On Wed, 2009-06-24 at 13:32 +0200, Jesper Dangaard Brouer wrote:

> > > Should it then not be in mesh.c ieee80211_stop_mesh(). We can replace
> > > the synchronize_rcu() in this function with a rcu_barrier().
> >
> > Yes, this seems correct.
> >
> > johannes
>
> Can I consider this a:
>
> Acked-by: Johannes Berg <[email protected]>

Yeah,
Acked-by: Johannes Berg <[email protected]>

johannes


Attachments:
signature.asc (801.00 B)
This is a digitally signed message part

2009-06-24 11:44:43

by Jesper Dangaard Brouer

[permalink] [raw]
Subject: Re: [PATCH 07/10] decnet: Use rcu_barrier() on module unload.

On Wed, 2009-06-24 at 07:23 +0100, Chrissie Caulfield wrote:
> The issues with DECnet module unloading are a little more than just an
> RCU leak I think!
>
> Though that area does need reviewing ... when I get some time.

Fine. Now you have read my comment in the code, then there is a updated
patch below. Will you ack-that?

--
Med venlig hilsen / Best regards
Jesper Brouer
ComX Networks A/S
Linux Network developer
Cand. Scient Datalog / MSc.
Author of http://adsl-optimizer.dk
LinkedIn: http://www.linkedin.com/in/brouer


[PATCH 07/10] decnet: Use rcu_barrier() on module unload.

From: Jesper Dangaard Brouer <[email protected]>

The decnet module unloading as been disabled with a '#if 0' statement,
because it have had issues.

We add a rcu_barrier() anyhow for correctness.

The maintainer (Chrissie Caulfield) will look into the unload issue
when time permits.

Signed-off-by: Jesper Dangaard Brouer <[email protected]>
---

net/decnet/af_decnet.c | 6 ++++++
1 files changed, 6 insertions(+), 0 deletions(-)

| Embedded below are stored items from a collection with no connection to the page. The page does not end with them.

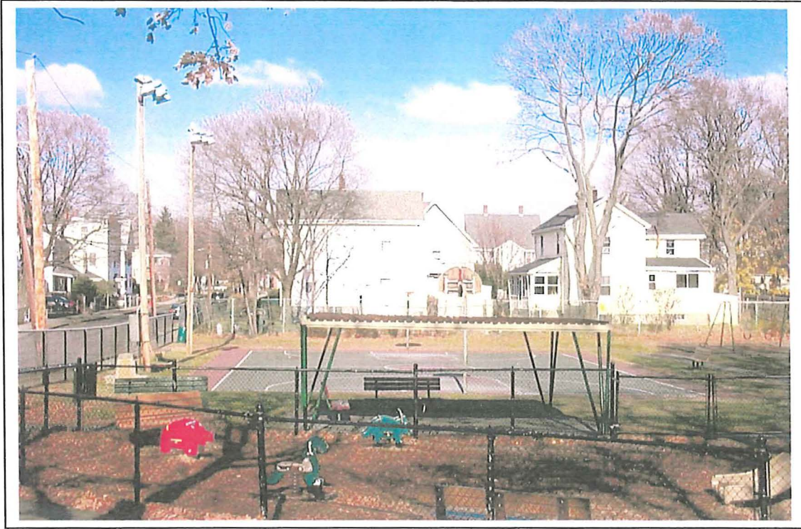
Phase 1: Create Large Play Area, Use Rubberized Safety Surfacing, Diversify Play Structures, Construct Half-Basketball Court, Install Decorative Fencing and Add Landscaping
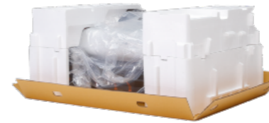
Previous polystyrene foam packaging
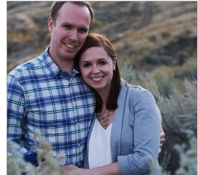
Ask a Specialist/Tell a Specialist
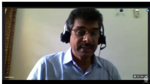
National Webinar On Advances in Plant Science - DAY 2
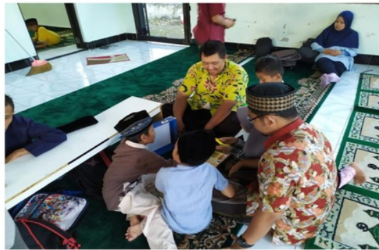
Fig. 3. Introduction to Robotic Technology

Today's society thinks that a robot is shaped like humans both functions and ways of acting in show picture 3. The benefits of robotic learning is to train the child's fine motor skills so as to improve fine motor skills and stimulate systematic and structured thinking in solving a problem. It also develops children's imagination and creativity in designing a robot, practices collaboration in groups, increases self-confidence, accepts and respects the opinions of others and dare to unite or display creative ideas, and practices patience and perseverance in making a project.

diff --git a/net/decnet/af_decnet.c b/net/decnet/af_decnet.c
index d351b8d..bff12da 100644
--- a/net/decnet/af_decnet.c
+++ b/net/decnet/af_decnet.c
@@ -2393,6 +2393,10 @@ module_init(decnet_init);
* Prevent DECnet module unloading until its fixed properly.
* Requires an audit of the code to check for memory leaks and
* initialisation problems etc.
+ *
+ * [email protected] 2009-06-19:
+ * I have added a rcu_barrier() which should plug some of your
+ * module unload issues. Maintainers please try it out...
*/
#if 0
static void __exit decnet_exit(void)
@@ -2413,6 +2417,8 @@ static void __exit decnet_exit(void)
proc_net_remove(&init_net, "decnet");

proto_unregister(&dn_proto);
+
+ rcu_barrier_bh(); /* Wait for completion of call_rcu_bh()'s */
}
module_exit(decnet_exit);
#endif



2009-06-24 12:09:27

by Jesper Dangaard Brouer

[permalink] [raw]
Subject: Re: [PATCH 07/10] decnet: Use rcu_barrier() on module unload.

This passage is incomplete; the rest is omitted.